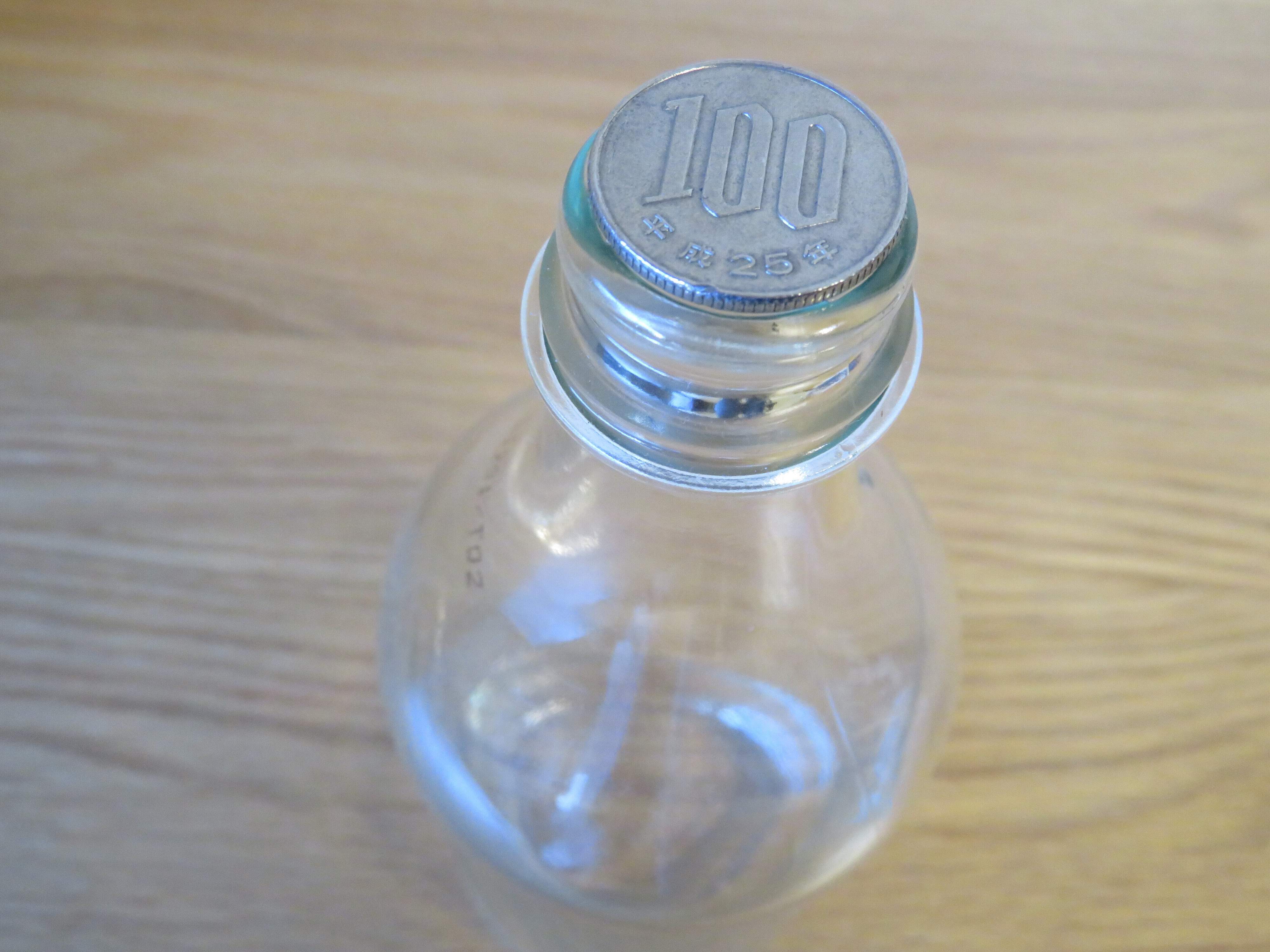 十円玉を軽く水でぬらして、瓶の口の上に置き密着させます。
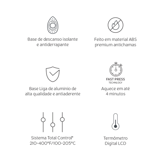 Tempo de Aquecimento: Tecnologia Fast Press (aquece em até 4 minutos)
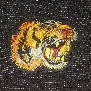 New Sparkling black cap with custom applied tiger patch! Folded up at bottom, acrylic blend comfortable and super stylin'! Men's or Women's.
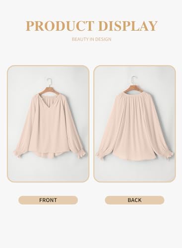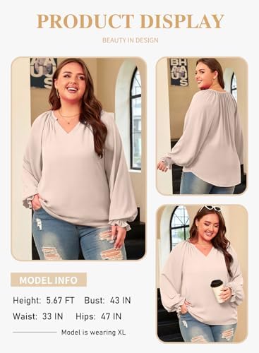 • Eytino Plus Size Tops for Women Sexy V Neck Puff Long Sleeve Chiffon Blouse
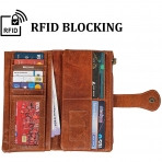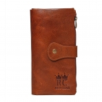 Deri astar - Düğme kapatma - Malzeme: Vintage metalik çıtçıt düğmeli ince taneli deri ile tasarlanmış ve el yapımı. - Donanım: Zip, Zip Slider ve Snap butonları saf pirinçten imal edilmiştir. - Fonksiyonel Tasarım: Bu cüzdanın üç ana bölümü vardır. İlki, kimlik kartı için bir pencere ve nakit para için büyük bir bölme ile kartları istiflemek için altı cep içeriyordu. Orta segment altı kart bölmesi, bir kimlik kartı penceresi, iki ana nakit tutma büyük cep  bulunur.
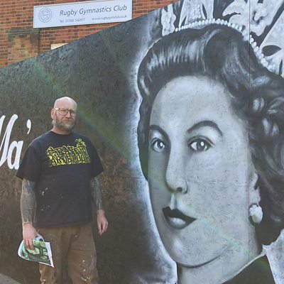 A new mural has been painted today in Rugby as a tribute to the Queen. The mural has been painted on a large wall in front of the Rugby Gymnastics Club on the Lower Hillmorton Road. Edward Knight Estate agents now own the land, and the building, and it was their idea to create a mural for the Queen. The artist is David Brown from Graffitiartist.com, he’s from Birmingham and based at the Custard Factory. Dan Sambell was passing and stopped to find out more and stay to see it completed.
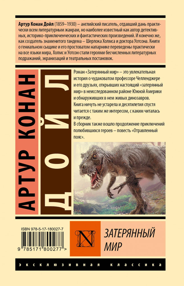 Серия: Эксклюзивная классика. Лучшее Роман «Затерянный мир» — это увлекательная история о чудаковатом профессоре Челленджере и его друзьях, открывших настоящий «затерянный мир» в неисследованном районе Южной Америки и обнаруживших в нем живых динозавров. Книга ничуть не устарела и десятилетия спустя читается с таким же интересом, с каким читалась и прежде. |
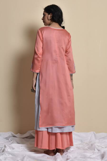 Coral Kurta Chanderi Inner Crincled Cotton Pant Hand Embroidered Set
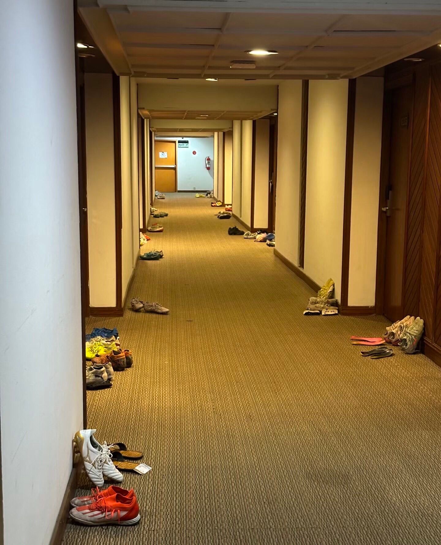 外出踢比赛的足球运动员们,晚上睡觉前,都是球鞋球袜放走廊里。

What the exercise asks » All lines from the one holding "New Sparkling black" through the last line of the material above should be set down exactly, and the pictures should be left out.

Completed exercise »
 New Sparkling black cap with custom applied tiger patch! Folded up at bottom, acrylic blend comfortable and super stylin'! Men's or Women's.
 • Eytino Plus Size Tops for Women Sexy V Neck Puff Long Sleeve Chiffon Blouse
 Deri astar - Düğme kapatma - Malzeme: Vintage metalik çıtçıt düğmeli ince taneli deri ile tasarlanmış ve el yapımı. - Donanım: Zip, Zip Slider ve Snap butonları saf pirinçten imal edilmiştir. - Fonksiyonel Tasarım: Bu cüzdanın üç ana bölümü vardır. İlki, kimlik kartı için bir pencere ve nakit para için büyük bir bölme ile kartları istiflemek için altı cep içeriyordu. Orta segment altı kart bölmesi, bir kimlik kartı penceresi, iki ana nakit tutma büyük cep  bulunur.
 A new mural has been painted today in Rugby as a tribute to the Queen. The mural has been painted on a large wall in front of the Rugby Gymnastics Club on the Lower Hillmorton Road. Edward Knight Estate agents now own the land, and the building, and it was their idea to create a mural for the Queen. The artist is David Brown from Graffitiartist.com, he’s from Birmingham and based at the Custard Factory. Dan Sambell was passing and stopped to find out more and stay to see it completed.
 Серия: Эксклюзивная классика. Лучшее Роман «Затерянный мир» — это увлекательная история о чудаковатом профессоре Челленджере и его друзьях, открывших настоящий «затерянный мир» в неисследованном районе Южной Америки и обнаруживших в нем живых динозавров. Книга ничуть не устарела и десятилетия спустя читается с таким же интересом, с каким читалась и прежде. |
 Coral Kurta Chanderi Inner Crincled Cotton Pant Hand Embroidered Set
 外出踢比赛的足球运动员们,晚上睡觉前,都是球鞋球袜放走廊里。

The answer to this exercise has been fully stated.